Clipper [11] is a p-value-free FDR control method. Given a large number of features (e.g., genes), a number of measurements under the experimental (e.g., treatment) condition, and a number of measurements under the background (e.g., control) condition, Clipper works as the following: first, obtain a contrast score for each feature based on the experimental and background measurements (for example, the contrast score may be the average experimental measurement minus the average background measurement); second, given a target FDR (e.g., 0.05), obtain a cutoff for the contrast scores; lastly, call the features with contrast scores above the cutoff as discoveries.
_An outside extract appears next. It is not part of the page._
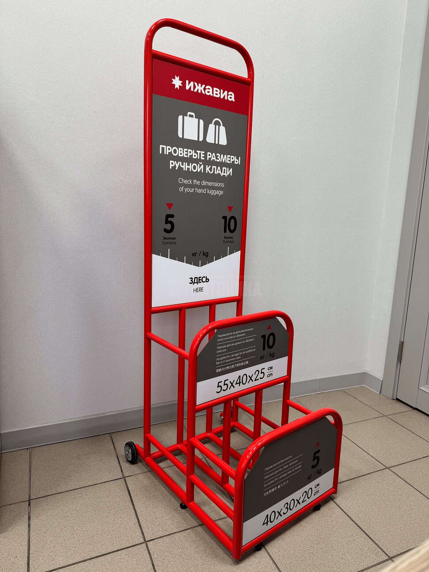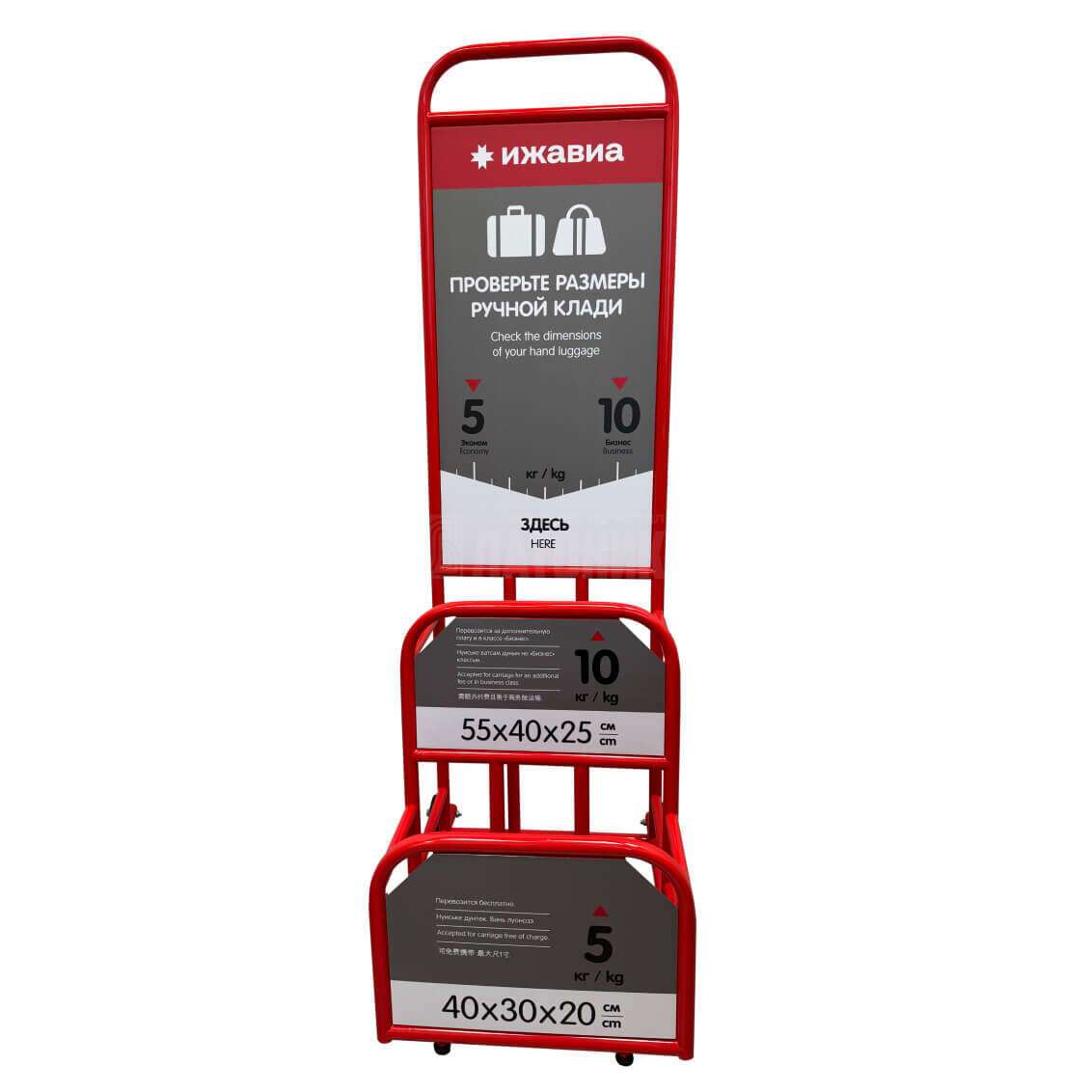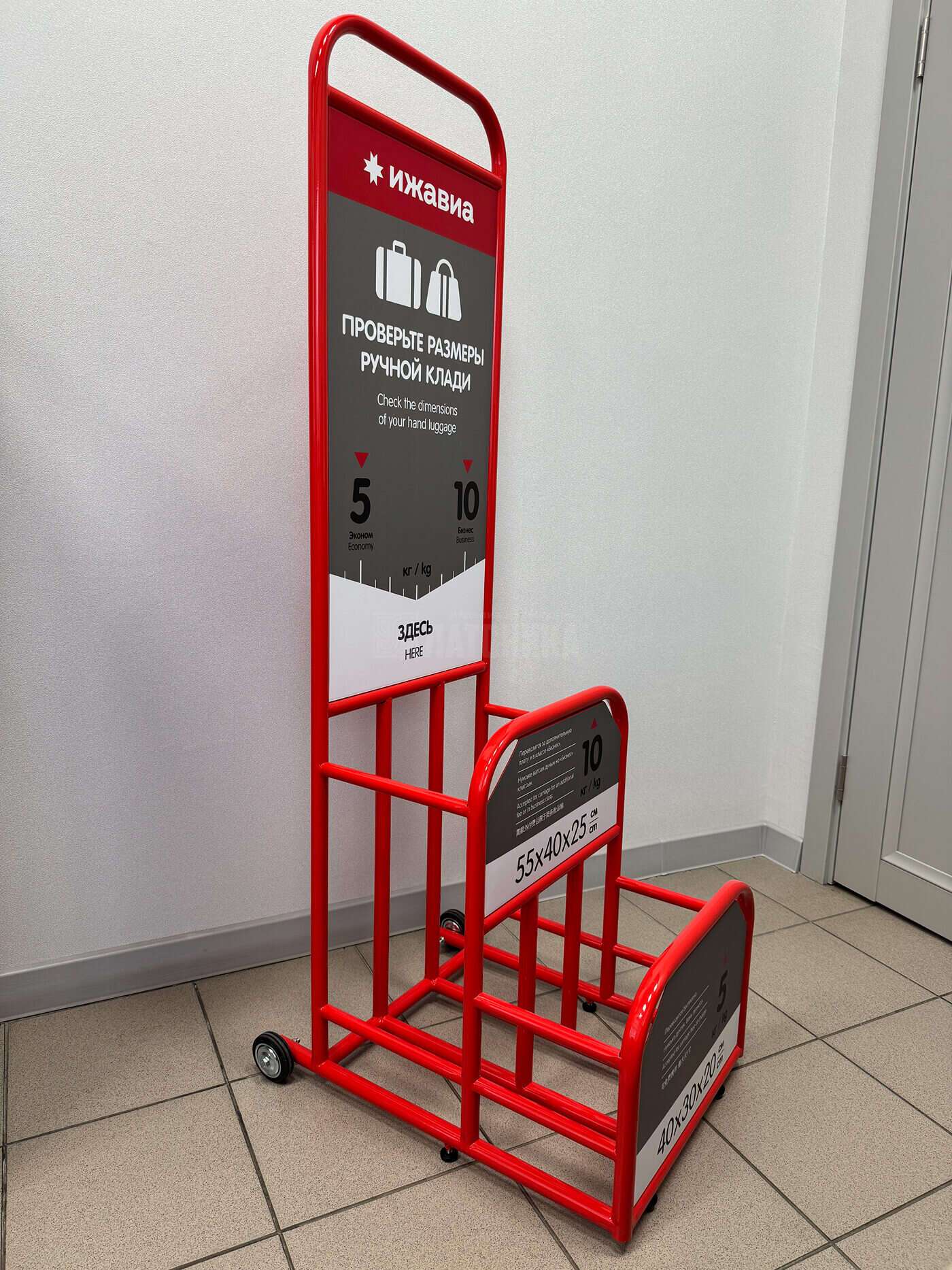 Стойка для измерения ручной клади в аэропорту. Окрашена порошковой краской в фирменный цвет авиакомпании. Стойка изготовлена по индивидуальным размерам с учетом фирменного стиля для авиакомпании Ижавиа.

The idea is that the contrast scores of the uninteresting features (e.g., genes whose expected expression levels are not increased by the treatment) will be roughly symmetrically distributed around zero, and the outlying contrast scores in the right tail likely belong to interesting features. Notably, Clipper produces a q-value for each feature (similar to Storey’s q-values [12]), so that the features can be ranked from the most significant to the least significant.

In this work, we propose ClipperQTL for eGene identification, which reduces the number of permutations needed from thousands to 20 for data sets with large sample sizes (> 450) by using the contrastive strategy developed in Clipper; for data sets with smaller sample sizes, it uses the same permutation-based approach as FastQTL. Unlike tensorQTL, our ClipperQTL software does not rely on GPUs. We show that ClipperQTL performs as well as FastQTL and runs about 500 times faster if the contrastive strategy is used and 50 times faster if the conventional permutation-based approach is used (we refer to the two variants of ClipperQTL as the Clipper variant and the standard variant, respectively; Section 4.2).

2. Results

2.1. Real data results

We compare the performance and run time of different variants of FastQTL, eigenMT, TreeQTL, and ClipperQTL (Table 1) on the most recent GTEx expression data [4]. The 49 tissues with sample sizes above 70 are considered [4]. For each gene, we consider single nucleotide polymorphisms (SNPs) within one megabase (Mb) of the transcription start site (TSS) of the gene [4]; we use 0.01 as the threshold for the minor allele frequency (MAF) of a SNP and 10 as the threshold for the number of samples with at least one copy of the minor allele (MA samples) [6]. We include eight known covariates and a number of top expression PCs (principal components) as inferred covariates [13]. The eight known covariates are the top five genotype PCs, WGS sequencing platform (HiSeq 2000 or HiSeq X), WGS library construction protocol (PCR-based or PCR-free), and donor sex [4]. The number of expression PCs is chosen via the Buja and Eyuboglu (BE) algorithm [13, 14] for each tissue. We use the BE algorithm because we find that in our simulated data (Section S2), the BE algorithm can recover the true number of covariates well. The target FDR for eGene identification is set at 0.05. We do not include Matrix eQTL [15] in our real data comparison because both our simulation study (Section 2.2) and Huang et al. [16] show that Matrix eQTL cannot control the FDR in the eGene identification problem.

The results from our real data analysis are summarized in Figures 1, 2, and S2. We find that the four variants of FastQTL produce almost identical results as one another. Specifically, the numbers of eGenes identified by the four methods are almost identical (Figure 1), and the identified eGenes highly overlap (Figure S2). This means the adaptive permutation scheme and the beta approximation of FastQTL (Section S1.2) are not critical to the performance of FastQTL; the simplest variant, FastQTL_1K_prop, is sufficient. Further, we find that eigenMT and TreeQTL methods identify fewer eGenes than FastQTL (Figure 1). In contrast, ClipperQTL methods produce almost identical results as FastQTL in tissues with the appropriate sample sizes (Section 4.2; Figures 1 and S2).

Figure 2:

Figure 2:

Run time comparison based on GTEx expression data [4] (Table 1; see Section 2.1 for the analysis details). Each dot corresponds to a tissue. FastQTL_1K-10K takes under 500 CPU hours. FastQTL_1K takes under 50 CPU hours. ClipperQTL_standard_1K takes under 10 CPU hours. ClipperQTL_Clipper_20 takes under 1 CPU hour. Run times of ClipperQTL_Clipper_20 and ClipperQTL_Clipper_50 are only shown for tissues with sample sizes ≥ 465 (Figure 1).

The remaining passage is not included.